> Exercise instructions: Without the images, print every line of the material below exactly as given.
::: Stored data
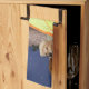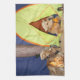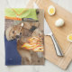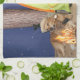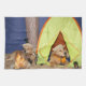 This kitchen towel features golden retrievers in a camping scene. One golden retriever is toasting marshmallows by the fire, while the other golden hangs out in the tent.
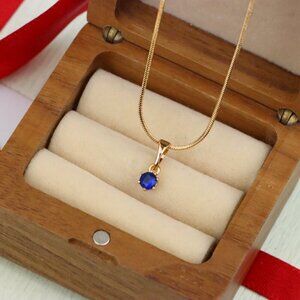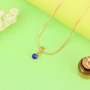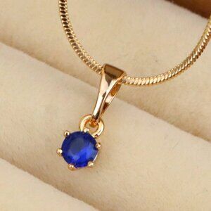 "Tiny Round Blue Pendant in Gold Finish for Delicate Everyday Style, XPPT1657
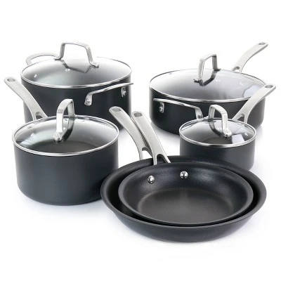 Suit up the kitchen work area with the Martha Stewart 10 Piece Nonstick Hard Aluminum Cookware Set in Matte Black. The nonstick coating allows for more forgiving cooking and provides a fast cleanup. Its aluminum body evenly distributes heat and is oven safe up to 480F. For long lasting quality its recommended to hand wash the cookware. Create the perfect pasta dish, simmer beautiful bechamel sauce, or make a savory steak for dinner tonight.
::::::
> Answer to this problem:
 This kitchen towel features golden retrievers in a camping scene. One golden retriever is toasting marshmallows by the fire, while the other golden hangs out in the tent.
 "Tiny Round Blue Pendant in Gold Finish for Delicate Everyday Style, XPPT1657
 Suit up the kitchen work area with the Martha Stewart 10 Piece Nonstick Hard Aluminum Cookware Set in Matte Black. The nonstick coating allows for more forgiving cooking and provides a fast cleanup. Its aluminum body evenly distributes heat and is oven safe up to 480F. For long lasting quality its recommended to hand wash the cookware. Create the perfect pasta dish, simmer beautiful bechamel sauce, or make a savory steak for dinner tonight.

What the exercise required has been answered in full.